The tutor will run the verification ritual on the reports: it picks one finding from one report and asks you to explain the severity rating from memory and reproduce the methodology that found it, with your AI session closed. It will also ask you to state the authorization basis for one of the boxes. If you cannot defend a severity or trace a finding to your own work, that report returns. The tutor will not confirm any flag, and you should not record one in a report or paste one to the tutor.
Self-explain: in one sentence, why does a methodology log written while you work make the final report more defensible than one written from memory?
Stretch goals
- Write the executive summary of one report for a non-technical manager, then have a friend who is not in security read it and tell you the headline risk back. If they cannot, rewrite it.
- Add a CVSS vector string to each finding alongside your severity label, and check whether the CVSS score agrees with your impact-times-exploitability rating; explain any gap.

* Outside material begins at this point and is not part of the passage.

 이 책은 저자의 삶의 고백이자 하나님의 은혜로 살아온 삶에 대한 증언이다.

- Build a reusable report template from your three reports so the Month 12 capstone is an expansion, not a first attempt.
- For one box, write a short “blue-team appendix” listing the detections that would have caught each phase, connecting this lab to your Month 9 work.
Troubleshooting
- The report reads like a story, not a method. You wrote it from memory. Rebuild from your methodology log, and on the next box, log every step as you take it.

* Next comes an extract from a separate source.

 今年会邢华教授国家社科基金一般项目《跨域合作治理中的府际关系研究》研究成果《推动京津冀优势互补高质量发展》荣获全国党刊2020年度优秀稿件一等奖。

- Severity drifts between reports. Pick one scheme and apply it identically. Inconsistent severity is the most common amateur tell in a real report.
- A flag slipped into a report. Remove it, and check the git history (
git log -p) so it is not preserved in an old commit. A flag anywhere fails the deliverable. - You are about to publish a report of an active HTB box. Stop. Public reports must be retired HTB boxes or VulnHub VMs. Confirm retired status before publishing.

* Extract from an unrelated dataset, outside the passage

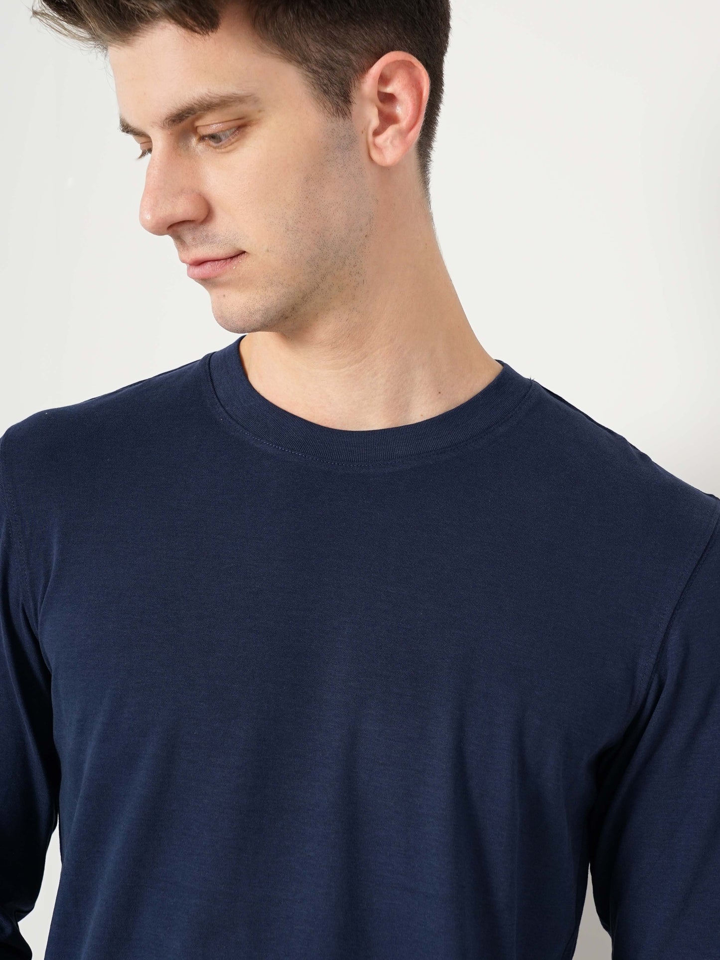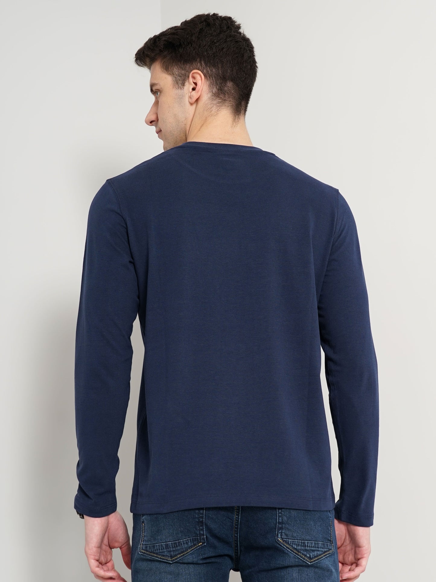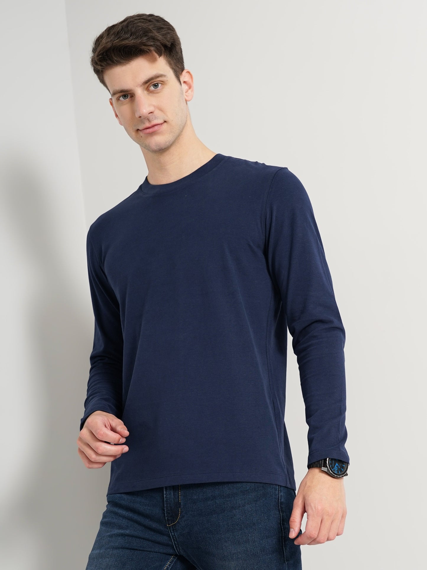 Discover comfort with the Celio Men's Navy Blue Solid Regular Fit T-shirt, crafted from pure cotton. Ideal for casual outings, it features long sleeves for a stylish look. Disclaimer: All other items in the image are only for display purposes and will not be a part of the delivery content. Product colour may slightly vary due to photographic lighting sources. Country of Origin - India.

- You are tempted to let AI write a finding. That is the one shortcut that destroys the artifact’s value. The report proves you can think like an attacker and write like a consultant; an AI-authored finding proves neither.
Time budget breakdown
- Task 1: 60 minutes
- Task 2: Stage 1 about 30 minutes, Stage 2 about 45 minutes, Stage 3 the three boxes and reports (about 18 to 21 hours across sessions)
- Task 3: 90 minutes
- Task 4: 60 minutes
Total: 20 to 24 hours across many sessions. This is the heaviest lab of the month because it produces the deliverable.
Resources
Primary sources only. Per-box walkthroughs are excluded, and for boxes you intend to write up, reading a walkthrough invalidates the writeup as your own work.
- NIST SP 800-115, the Technical Guide to Information Security Testing and Assessment, for the engagement phases and the methodology backbone.
- The Penetration Testing Execution Standard (PTES), for the structure of a professional engagement and report.
- The OWASP Web Security Testing Guide, where a box’s path goes through a web service.
- A published, vendor-neutral severity rubric (for example, the CVSS specification) as the basis for your severity scheme; cite which you used and apply it consistently.
- MITRE ATT&CK, to map the techniques in your methodology to ATT&CK identifiers in the reports.
manpages and official documentation for every tool you run.- Your own Month 9 IR report, as a model for professional report structure (the offensive report has different sections, but the standard of clarity is the same).